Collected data

_ _ _ _ _ _ _

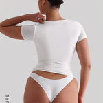 Inspired by our long-sleeve version, the V-Shape Short Sleeve T-Shirt offers the same one-inch banding along the v-shaped neckline to flatter and support all chest sizes.
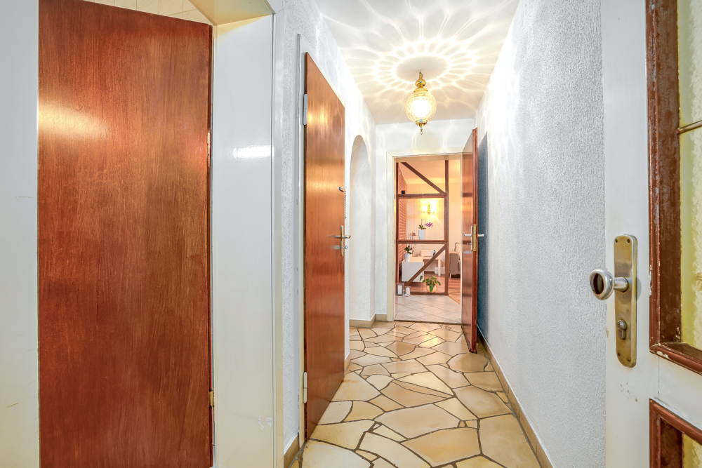 Über ein paar Stufen gelangen Sie zur Eingangstür, die durch das schützende Vordach bei jedem Wetter einen trockenen Zugang zum Haus bietet. Die Überdachung verleiht dem Eingangsbereich zusätzlich einen einladenden Charakter und bietet auch Raum für dekorative Elemente, um Gäste stilvoll zu empfangen.
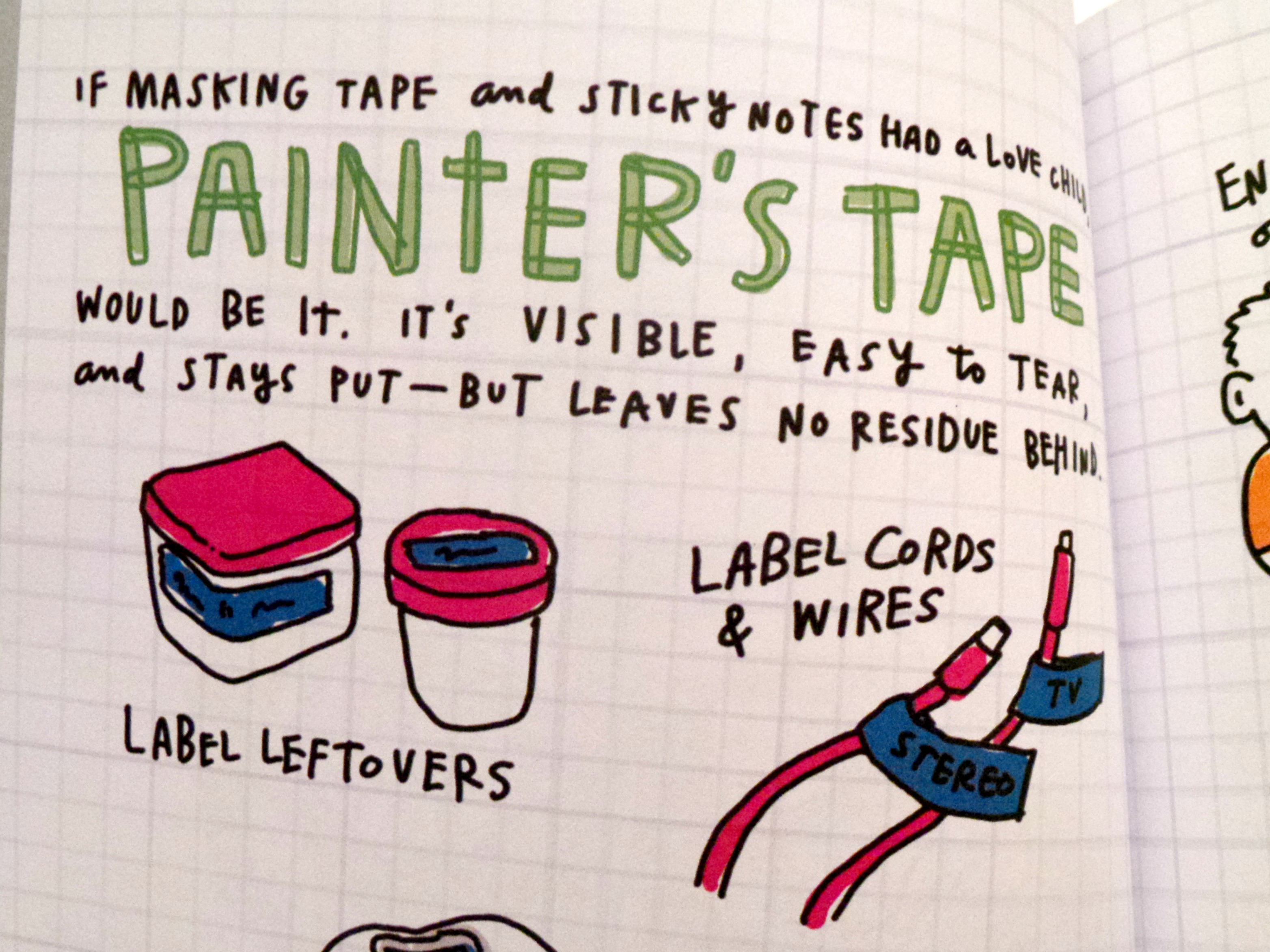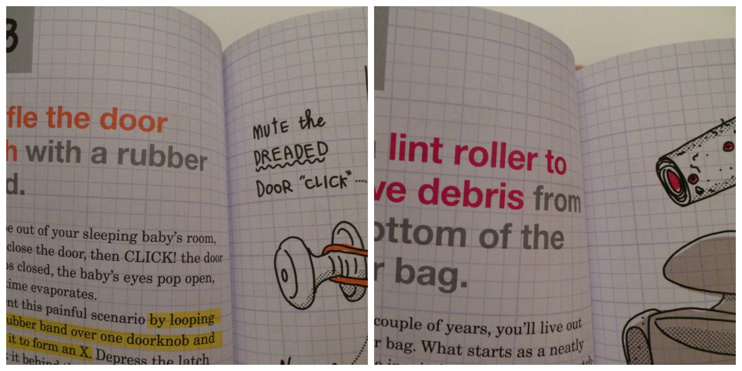 Sure, by that description you’ve read or seen books like that. What makes Parent Hacks unique and more effective is its brevity. Most of the hacks have an illustration on one page and enough sentences to fully explain it on the opposite page. The grid background, different colored pages, varied size of the text, as well as the fact that it’s multi-colored and highlighted is reminiscent of notes that you used to take in school.
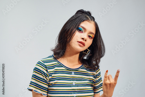 Crazy beautiful rock Girl. Punk is not dead. Attractive cool young woman making horn sign hand gesture.
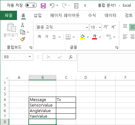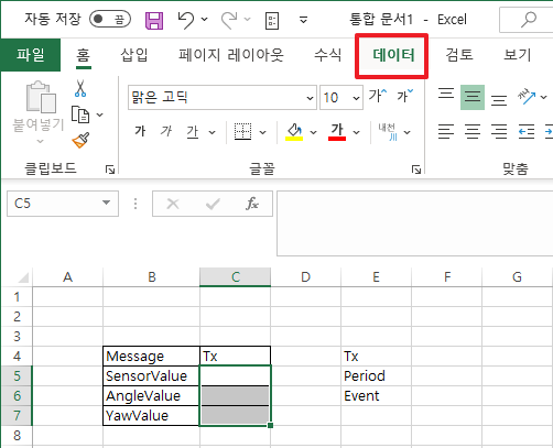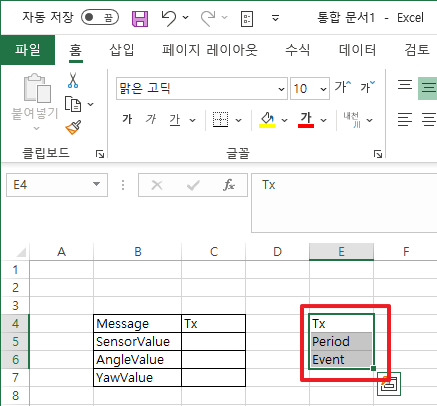 먼저, 다음과 같은 데이터가 있습니다. 실은 메시지의 송신 타입에 대해서 정하기 위해서 다음과 같은 데이터를 입력하였습니다. 여기에서 Tx 부분에 대해서 주기적으로 움직일지, 아니면 이벤트 성으로 움직 일지에 대해서 입력하는 셀입니다.
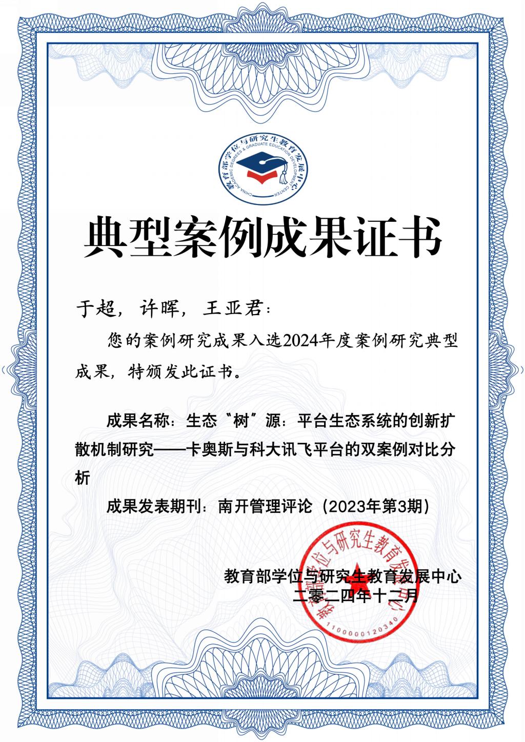 近日,教育部学位与研究生教育发展中心发布2024年度典型案例成果名单,我校工商管理学院青年教师于超(第一作者)及其合作者发表在《南开管理评论》2023年第3期的论文《生态“树”源:平台生态系统的创新扩散机制研究——卡奥斯与科大讯飞平台的双案例对比分析》获评“案例研究典型成果”。
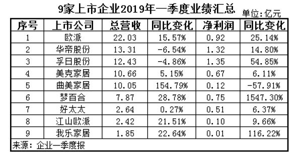 本周,9家上市家居企业发布2019年一季度公司季报,业绩汇总如下:
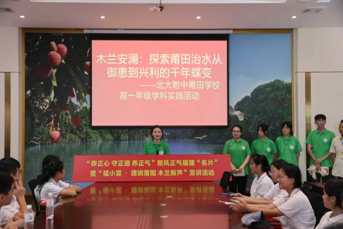 青春宣讲:播撒生态文明的种子带着满满收获与深刻感悟,实践队在木兰溪治理展示馆为北大附中莆田学校高一年级学生带来主题宣讲交流会。队员结合参观见闻和采访故事,向中学生们讲述了木兰溪治理的非凡历程和其中蕴含的宝贵精神。宣讲后的互动环节,提问引发了热烈讨论,实践队员还展示了团队设计的木兰溪治理主题Logo,并将印有该Logo的文创针织袋赠送给参与的中学生。这场宣讲,不仅传递了知识,更在年轻一代心中悄然播下了守护绿水青山的种子。
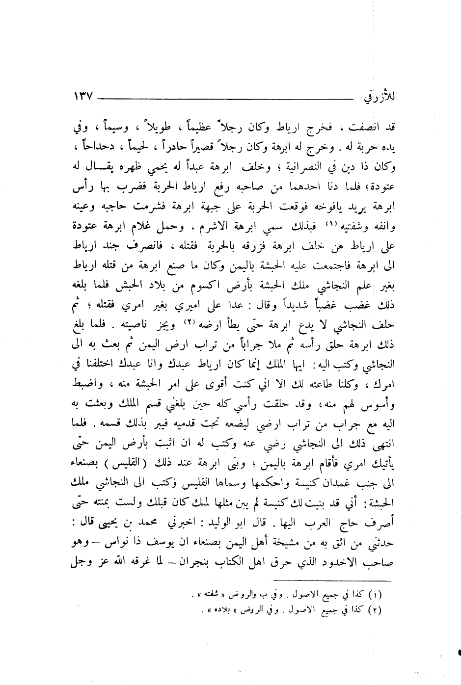 قَالَ أَبُو الْوَلِيدِ: أَخْبَرَنِي مُحَمَّدُ بْنُ يَحْيَى قَالَ: حَدَّثَنِي مَنْ أَثِقُ بِهِ مِنْ مَشْيَخَةِ أَهْلِ الْيَمَنِ بِصَنْعَاءَ " أَنَّ §يُوسُفَ ذَا نُوَاسٍ - وَهُوَ صَاحِبُ الْأُخْدُودِ الَّذِي حَرَقَ أَهْلَ الْكِتَابِ بِنَجْرَانَ - لَمَّا أَغْرَقَهُ اللَّهُ عَزَّ وَجَلَّ
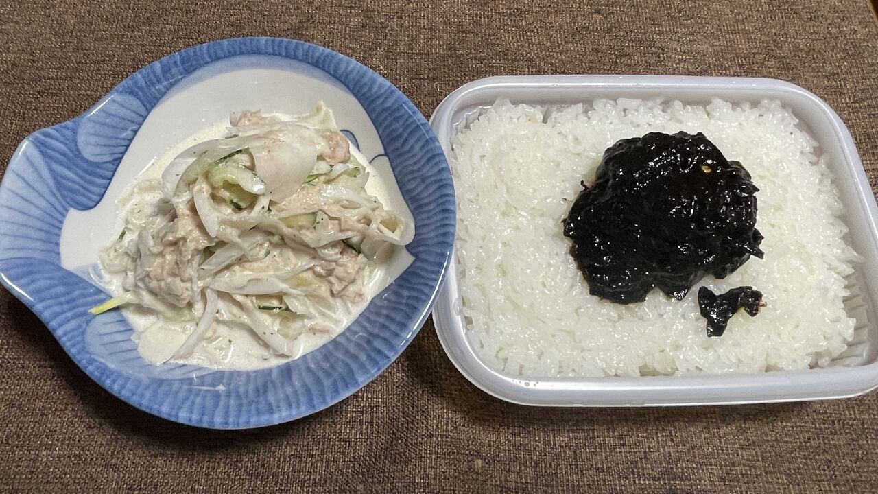 昨日作ったサラダと米、海苔の佃煮
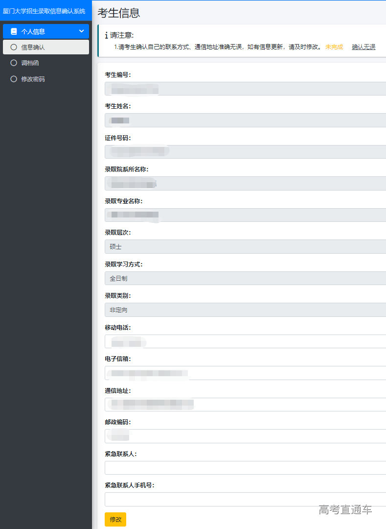 考生务必在7月24日前确认个人联系方式,以确保录取通知书等材料顺利邮寄,逾期修改无效。
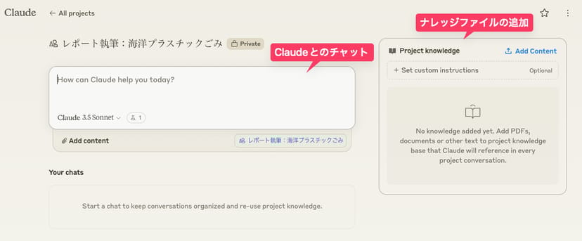 自分が抱えているプロジェクトの関連資料(企画書、プレスリリース、MTGの議事録、メール履歴などなど)をどんどんナレッジとしてアップロードしていけば、Claude 3.5 Sonnetという人類の大半より賢いAIが、プロジェクトの全てを完璧に把握した自分専用の超優秀な部下になってくれる。
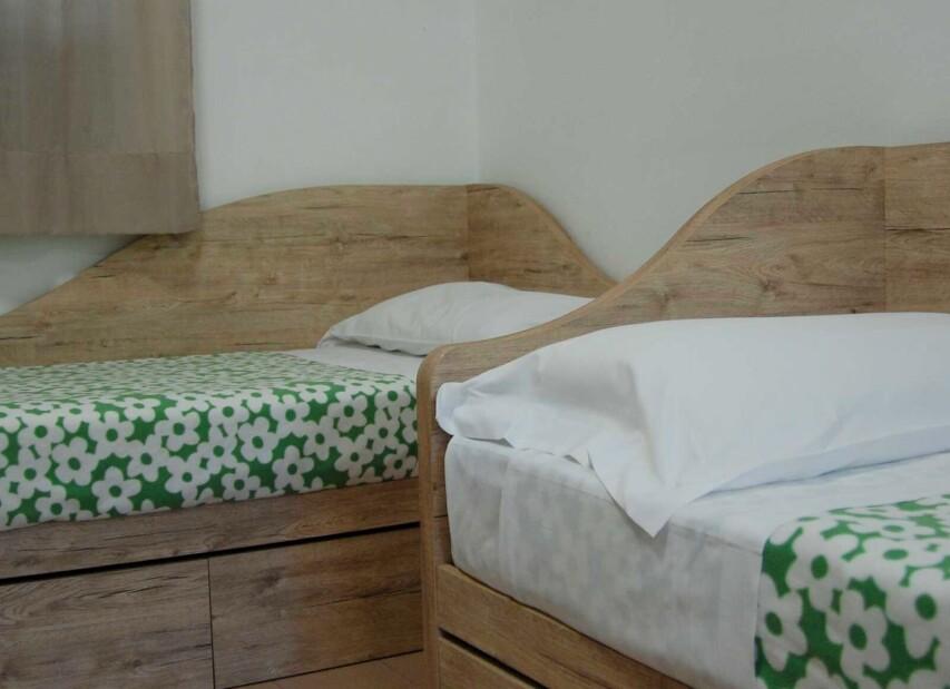 ložnice s manželskou postelí, ložnice se dvěma lůžky a nad nimi vyvýšeným lůžkem (povoleno pouze dítě do 10 let), obývací pokoj s kuchyňským koutem.
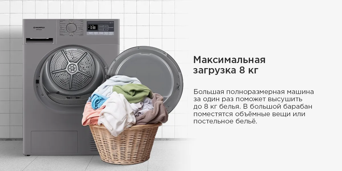 Загрузка белья до 8 кг в комбинации с внушительным объемом барабана дают вам возможность за один раз отправить все накопившееся белье в сушильную машину.
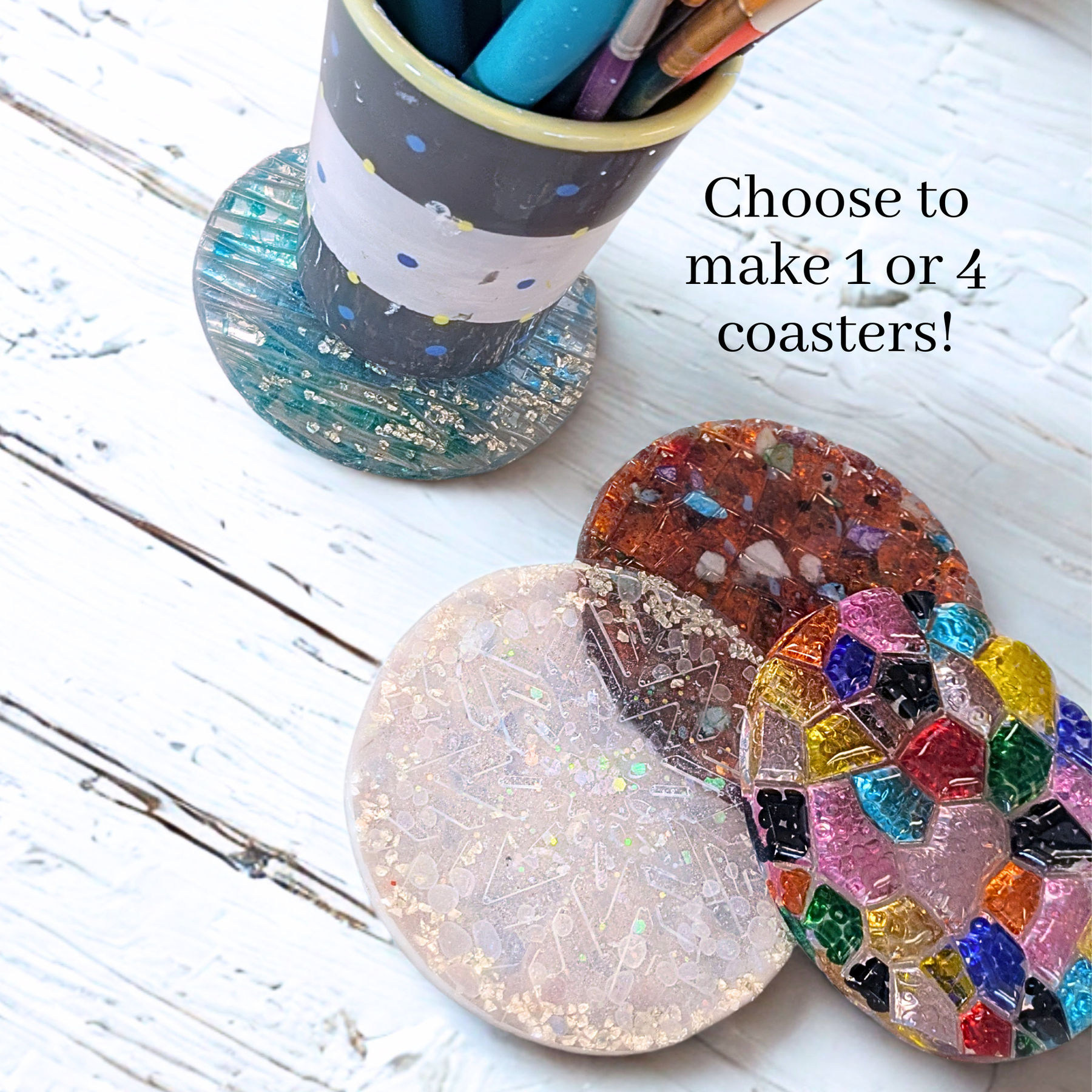 We will have coaster molds with textured designs as well as solid molds with no designs or textures. Select 1 coaster for $18 or 4 for $55.

_ _ _ _ _ _ _

▸ Task statement: Transcribe exactly the lines above, beginning at the one with "먼저, 다음과 같은 데이터가" and going up to and including the one with "青春宣讲:播撒生态文明的种子". Pictures do not belong in the copy.

▸ Response to the task:
 먼저, 다음과 같은 데이터가 있습니다. 실은 메시지의 송신 타입에 대해서 정하기 위해서 다음과 같은 데이터를 입력하였습니다. 여기에서 Tx 부분에 대해서 주기적으로 움직일지, 아니면 이벤트 성으로 움직 일지에 대해서 입력하는 셀입니다.
 近日,教育部学位与研究生教育发展中心发布2024年度典型案例成果名单,我校工商管理学院青年教师于超(第一作者)及其合作者发表在《南开管理评论》2023年第3期的论文《生态“树”源:平台生态系统的创新扩散机制研究——卡奥斯与科大讯飞平台的双案例对比分析》获评“案例研究典型成果”。
 本周,9家上市家居企业发布2019年一季度公司季报,业绩汇总如下:
 青春宣讲:播撒生态文明的种子带着满满收获与深刻感悟,实践队在木兰溪治理展示馆为北大附中莆田学校高一年级学生带来主题宣讲交流会。队员结合参观见闻和采访故事,向中学生们讲述了木兰溪治理的非凡历程和其中蕴含的宝贵精神。宣讲后的互动环节,提问引发了热烈讨论,实践队员还展示了团队设计的木兰溪治理主题Logo,并将印有该Logo的文创针织袋赠送给参与的中学生。这场宣讲,不仅传递了知识,更在年轻一代心中悄然播下了守护绿水青山的种子。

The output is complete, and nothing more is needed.